What is Investment Management? 

Investment management is a service that is offered by investment advisors, financial planners, and financial advisors. This particular service involves these six important aspects of the formation of an investment strategy: 

  • Allocating assets
  • Choosing appropriate investment vehicles
  • Monitoring positions and markets
  • Managing the portfolio
  • Rebalancing
  • Paying attention to share class costs

1. The first thing that investment management will include is determining your asset allocation. When looking at the asset allocation for your portfolio, first you’ll want to determine where you are in your life. How many assets do you have? What is your net worth? What are your expenses? You’ll also want to discuss your emotional tolerance. This is a very important thing to factor in when determining how you’re going to allocate your investments, because your degree of risk aversion will help decide how much you will have in stocks and bonds, or any of the other asset classes that are available. Once asset allocation is determined, then we’ll want to move to the next step. 

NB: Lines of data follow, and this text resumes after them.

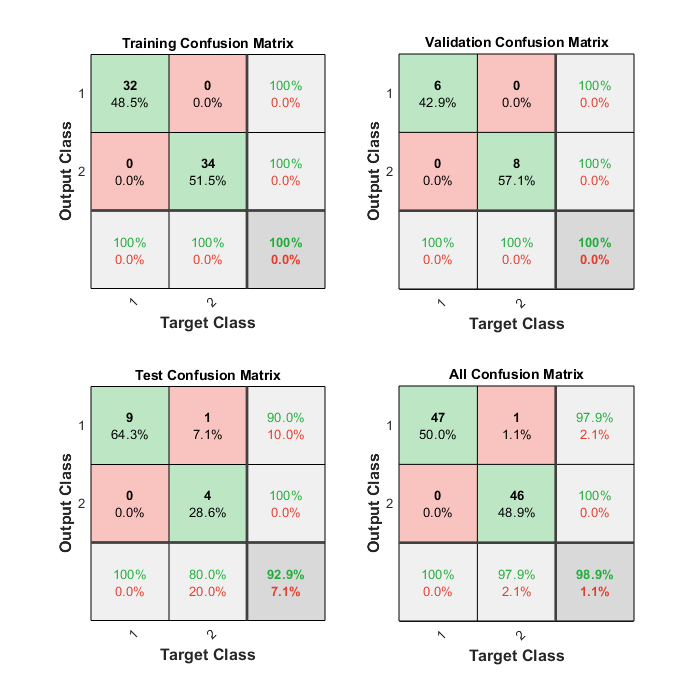 Classification was done by training a neural network in MATLAB and implementing the network on the STM32. The idea was to extract the important features of the PSD's and feed these features into a neural network. As brain waves fall into distinct frequency bands (4-8Hz for theta, 9-13Hz for alpha, 14-30Hz for beta, 30Hz and above for Gamma) the first thought was to extract an average magnitude within these frequency bins, and these magnitudes would then be fed into a neural network for classification. This is essentially what we did, and the results of one of the initial networks trained is shown below. After retraining the model several times, eventually a high accuracy network was found. Only a two layer network was needed to classify with high accuracy. By doing feature extraction, a more complex network was not needed. The final step was to implement everything in C on the H7 nucleo board. This wasn't too difficult, as the rough framework was already done in MATLAB.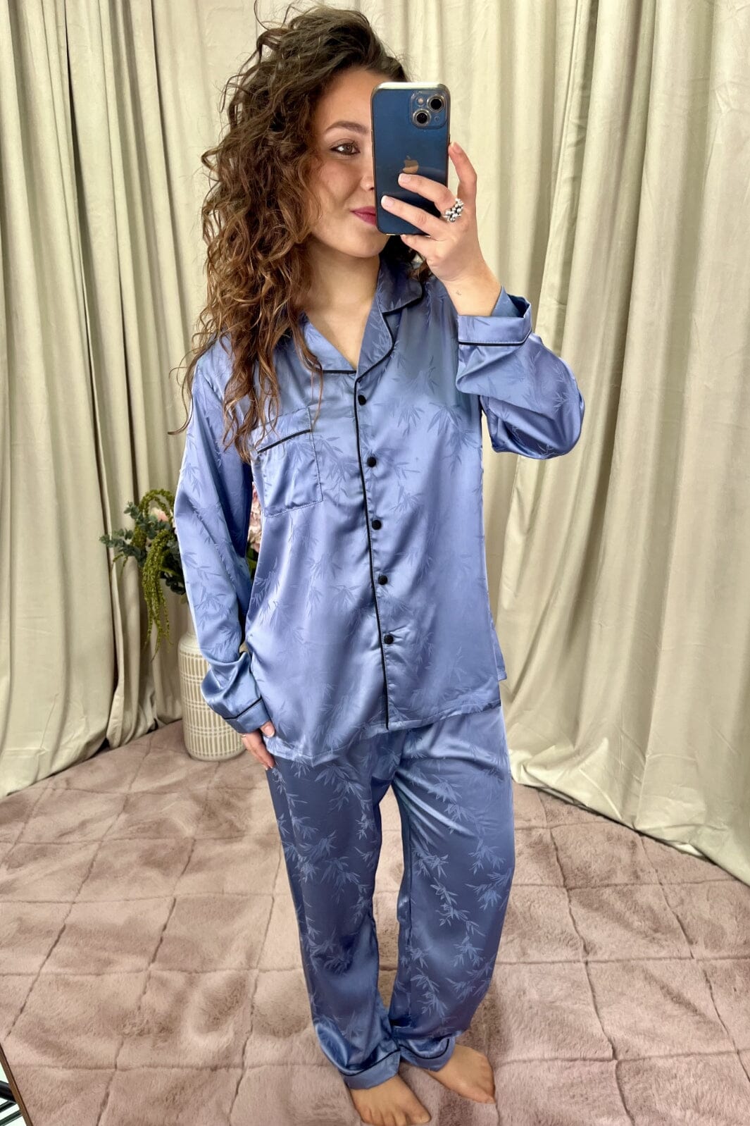 Blaue Pyjamas von A-bee mit Bambusblatt-Muster und schwarzem Kantenband. Das Set besteht aus einem Hemd mit Brusttasche und passenden Hosen aus einem glänzenden Stoff.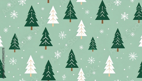 Festive seamless pattern featuring pine trees and snowflakes on a green background, perfect for winter holidays and Christmas projects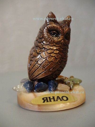 Фигурка птицы: гипс, подставка: селенит, декор: самоцветы.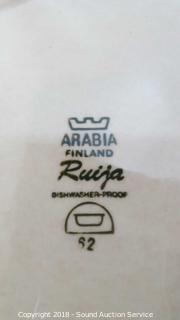One is an Arabia Ruija. The auctioneer shall not be responsible for the correct description, authenticity, genuineness of, estimated selling price of, or defect in any lot, and makes no warranty in connection therewith. No allowance will be made or sale set aside on account of any incorrectness, error in cataloging, or any imperfection not noted. No deduction will be allowed on damaged articles as all goods being exposed for public exhibition are sold “as is” and without recourse. All measurements and sizes - are approximate. CLAIMS - No claims will be allowed after goods are removed from premises. All lots - to be sold AS IS, WHERE IS. ALL SALES FINAL, WE DO NOT ACCEPT RETURNS.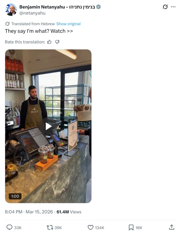 On March 15, Benjamin Netanyahu’s official X (formerly Twitter) account shared a video with a Hebrew caption that translates to,“They say I’m what? Watch >>.” The video features Benjamin Netanyahu in a cafe casually having a coffee.
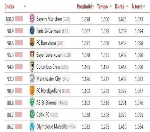 知名數據評測機構足球天文台(CIES)基於合作夥伴Impect的數據,結合58個主流聯賽公布了全球最具“控球主導、傳控風格”的球隊排名,拜仁以100分的基準分登頂榜首,巴黎巴薩分列二三位。數據核心排名標準通過以下四項技術指標綜合評定:傳球距離(越短越好)、控球階段的傳球速度、平均單次控球時長,以及在前場三分之一區域,膝蓋以下接球的百分比。排名第一的拜仁獲得了100分的綜合評分(即其他球隊以拜仁的100分作為綜合指標),巴黎、巴薩作為二、三名分獲98.9和98.6分。第4-10名分別為:勒沃庫森(德甲)、哥倫布機員(美職聯)、曼城(英超,92分)、北西蘭(丹麥超)、聖埃蒂安(法乙)、凱爾特人(蘇超)、馬賽(法甲)。11-20名分別為:布拉加(葡超)、博德閃耀(挪超)、吉達聯合(沙特聯)、皇馬(西甲,84分)、哈馬比(瑞典超)、聖地亞哥(美職聯)、錫爾克堡(丹麥超)、利物浦(英超,81.9分)、洛杉磯FC(美職聯)和埃爾切(西甲)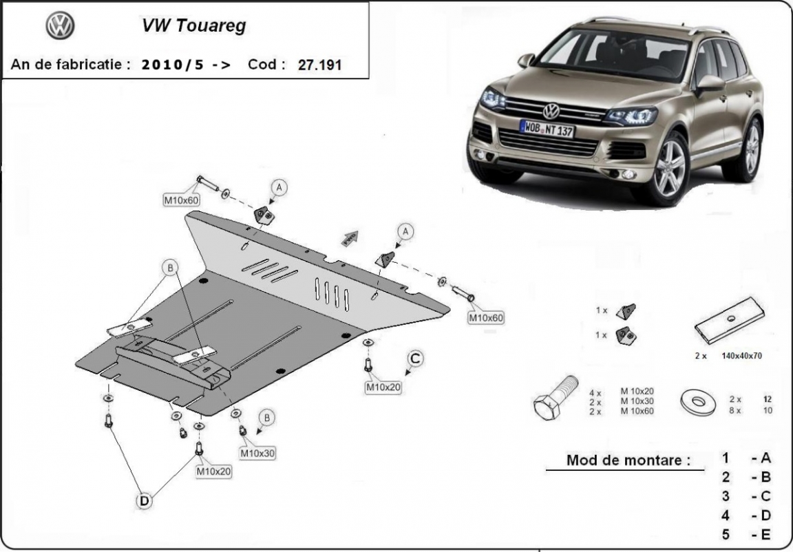 La piastra paramotore di Acciaio è nuova e si adatta perfettamente a tutte le versioni di VW Touareg prodotte tra il 2010 e il 2018. É fatto di lamiera d'Acciaio di 2,5mm. Bulloni, dadi, rondelle e tutti gli accessori allegati Ogni piastra è resistente alla corrosione ed è ricoperto di vernice in polvere. Le piastre di protezione del motore sono attrezzati di coppie saldate per la miglior resistenza alle forze exteriori. |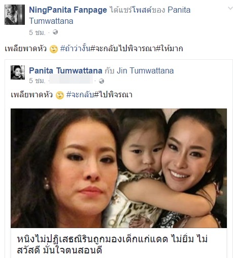 ทำเอาคุณแม่ หนิง ปณิตา ถึงกับเพลีย เมื่อมีบางสำนักข่าวลงข่าวพาดหัวแรงพาดพิงถึง น้องณิริน ลูกสาวสุดที่รักว่า หนิงไม่ปฏิเสธ น้องณิริน แก่แดด ไม่ยิ้ม ไม่สวัสดี จนเจ้าตัวต้องโพสต์ข้อความว่า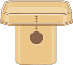 | 三方 | さんぼう | 神様に神饌をお供えするときなどに使用する食器の一種。3方向に象眼のある台の上に隅切りの折敷(すみきりのおしき)を乗せたもの。台と折敷は本来バラバラなのだが、取り扱い易いようにくっつけてあることがある。あくまでも食器であるため、原則として食べ物以外は乗せない。また、発音は「サンボウ」であり「サンポウ」ではない。寺では「三宝」と書くことが多いようだが、これは仏教の三宝(サンポウ)にあてたもののようである。(写真)ちなみに、全方向に象眼のあるものもあり、ご推察通り「四方(しほう)」という。 |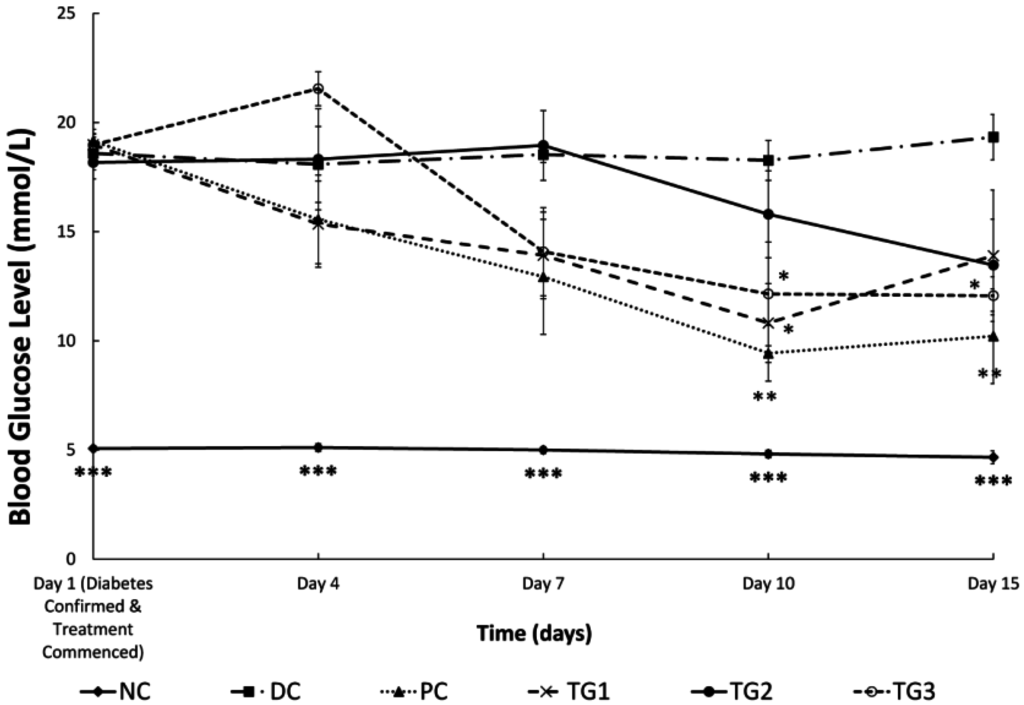 Sub-chronic (14 days) treatment with Gongronema latifolium extract in STZ-induced diabetic rats (n = 6). Values are expressed as the mean ± SEM, * = p < 0.05; ** = p < 0.01; *** = p < 0.001 vs. DC.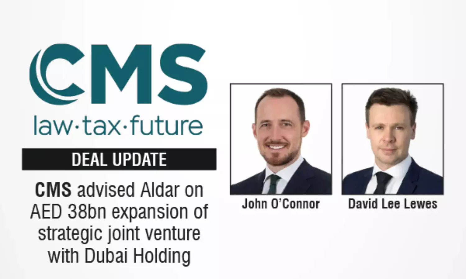 The leading global international law firm, CMS has advised Aldar, the leading Abu Dhabi-based real estate developer, on the expansion of its strategic joint venture with Dubai Holding. The transaction adds two landmark development sites in Dubai with a combined gross development value exceeding AED 38 billion.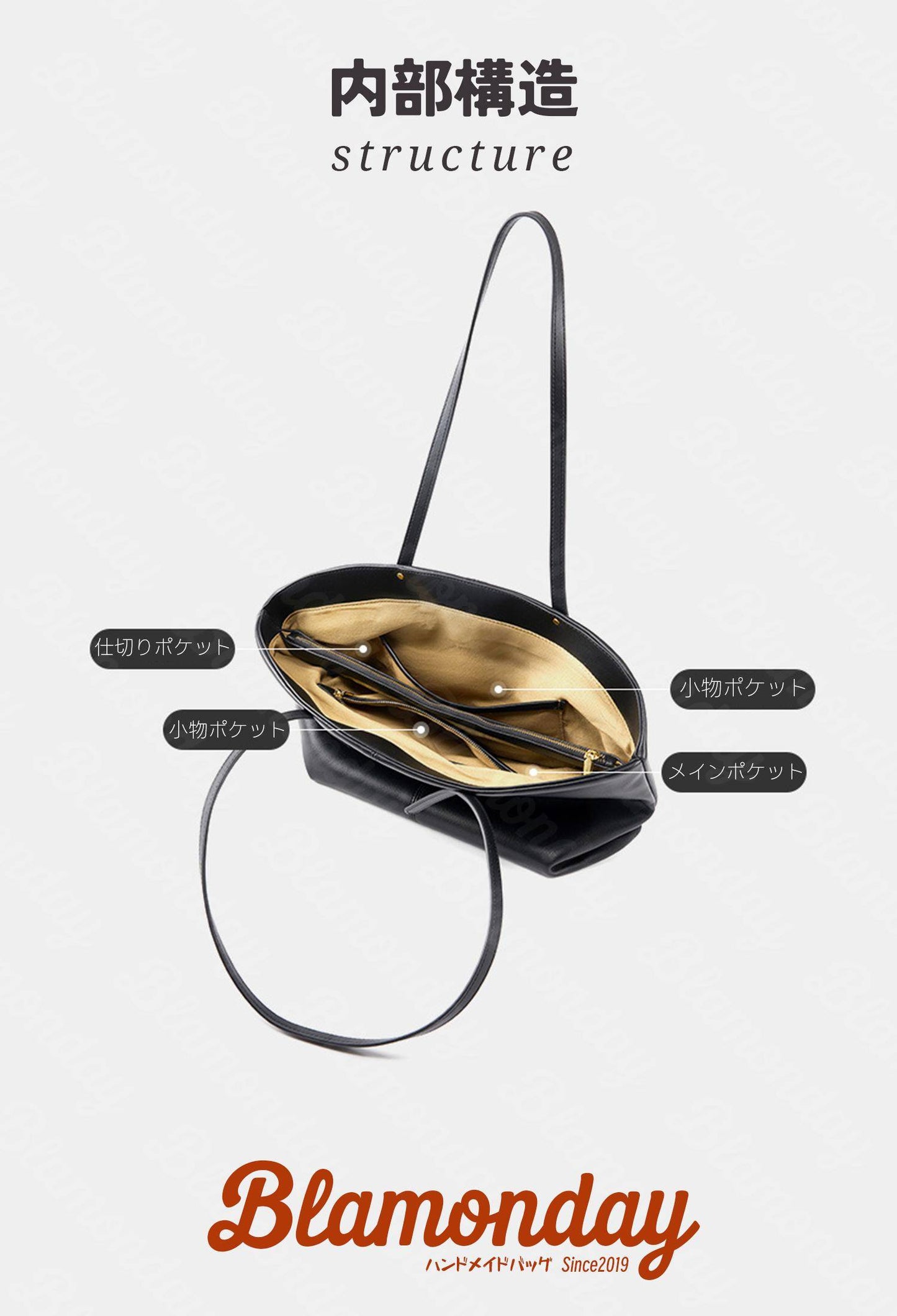 BLAMONDAY トートバッグ レディース 本革 大きめ 大容量 カジュアル アウトドア 横型 無地 ファスナー 仕切り WTZB-032

2. Step two is going to be the identification of appropriate investment vehicles. There are so many types of investment vehicles out there. The most popular securities are mutual funds, ETFs, common stock, and individual bonds. You and your advisor will want to evaluate mutual funds and ETFs based largely on their expenses, internal expenses, and their turnover, in addition to their tax/cost ratio. By looking at these three elements of the mutual funds and ETFs, you’ll have an opportunity to select one that will have the lowest overall cost to you, while giving you the exposure in the asset class that you are looking for. 

3. Third, investment management involves monitoring current positions and capital markets. Now, when many people hear this, they think of timing things, and that’s not what I’m talking about here. I’m largely not talking about moving in and out of markets. That can be a factor, but for the most part, we’re talking about how the fund or the ETF is being managed, and if you own individual stocks or bonds, what is going on with that particular company. Understanding that will help you be able to make decisions about whether or not you want to buy more or sell your current positions. Many things can happen to the companies that you own, of course, as well as even the mutual fund and ETF companies. You have to monitor these and make sure that both the mutual fund and even the individual companies are being managed in a way that you feel is still advantageous to you. 

4. Next, an important aspect of investment management is task-sensitive portfolio management. When you are selecting investments, it’s extremely important to make sure that they’re put into tax-advantaged vehicles, whether it’s mutual funds or ETFs or annuities. Annuities have a bad reputation, but that’s not the focus of this article. I’ll just say that there are some annuities that have no commission to get in, no commission to get out, no surrender period, no penalties or charges to ever move the money, and are very, very low cost. These types of annuities are available to firms like mine, which are fee-only.

In taxable accounts, you’ll often want to purchase municipal bonds, or if you’re close to or over the age of 59 and a half, you can use annuities to have your money grow tax-deferred. The money will only be taxed in annuities—the growth will only be taxed when you pull the money out. By using municipal bonds instead of treasuries or corporate bonds inside of your taxable accounts, you will not be taxed at the federal level. This can be very advantageous for our clients, depending on their income tax bracket.

Probably the most important thing to do in a tax-sensitive portfolio and inside a taxable account that is not in an annuity will be selecting mutual funds or ETFs that have the lowest tax cost ratio you can get, which means they’ll also likely have a low turnover. We see this type of performance and low tax cost ratios being executed with basic indexed ETFs and mutual funds. 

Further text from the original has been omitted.